その姿勢には、現代にも共通する「承認欲求」や「誰かに必要とされたい」という気持ちが表れています。
太宰はそんな複雑な心情を、顕微鏡でのぞき込むような繊細さで描いています。
読者は彼女の弱さや栄虚心、諦めに自然と共感してしまうのです。
◆ 「絶望からの再生」ではなく「日常の中の希望」
『灯籠』で描かれているのは、劇的な再生ではありません。
社会から孤立し、心が折れそうになったさき子が、家族と共に過ごす時間や日常のささやかな喜びを通して、少しずつ穏やかさを取り戻していく物語です。

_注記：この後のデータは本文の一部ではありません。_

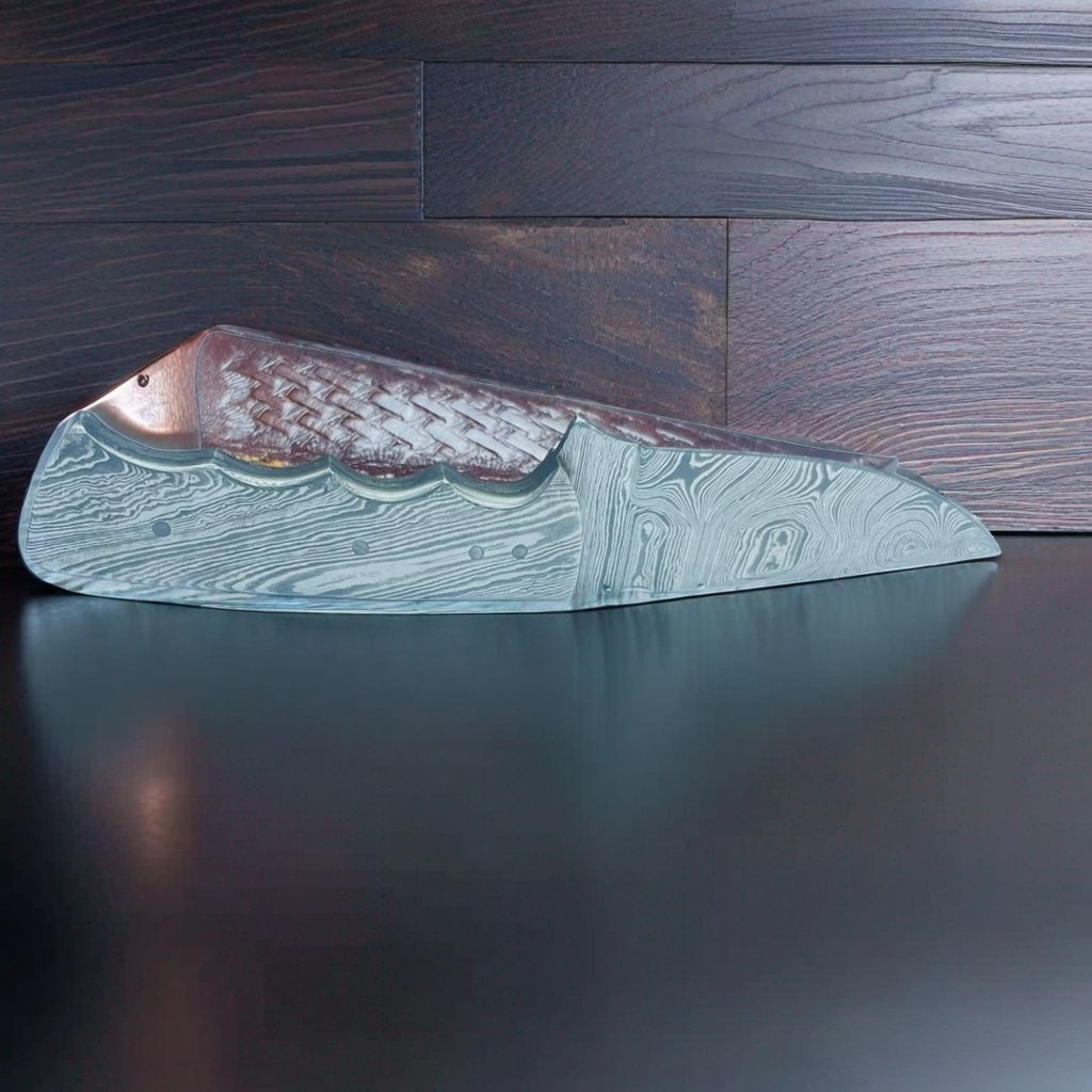 Artistic Damascus Steel Knife with Intricate Blade Design

象徴的なのが、物語のラストで父が電球を明るいものに取り替える場面。
そこに、さき子はほのかな幸福を感じ取ります。
何かを変えたわけでも、成功したわけでもないけれど、「ここに自分の居場所がある」と思えたことで、彼女の心に希望の光が差したのです。

◆ 『灯籠』が教えてくれたこと
『灯籠』には、劇的な逆転や感動はありません。
でも、日々の中にある「ささやかな光」に気づく優しさが、そっと心に残ります。
万引きをきっかけに、孤立してしまったさき子が、家族とのつながりや、当たり前の日常に美しさを見つけていく——
そんな姿に、私たちもきっと励まされるはずです。
太宰作品の中でもやさしく、そっと背中を押してくれる一編。
「最近ちょっと疲れたな…」という人に、ぜひ読んでほしいです。
◆ まとめ:時代を超えて共感を呼ぶ、静かな希望の物語
『灯籠』は、太宰作品のなかでは珍しく、絶望の果てに少しだけ差し込む「希望」を描いた物語です。
さき子は、環境に打ち勝つのではなく、そこにある幸福を見出すことで、自分の居場所を見つけていきました。
過去の作品でありながら、今を生きる私たちの心にも響くのは、人間の本質が時代を超えて変わらないからかもしれません。
太宰治の『灯籠』は、「人に尽くしたい」「誰かに必要とされたい」と願うすべての人にそっと寄り添ってくれる、小さくも優しい物語でした。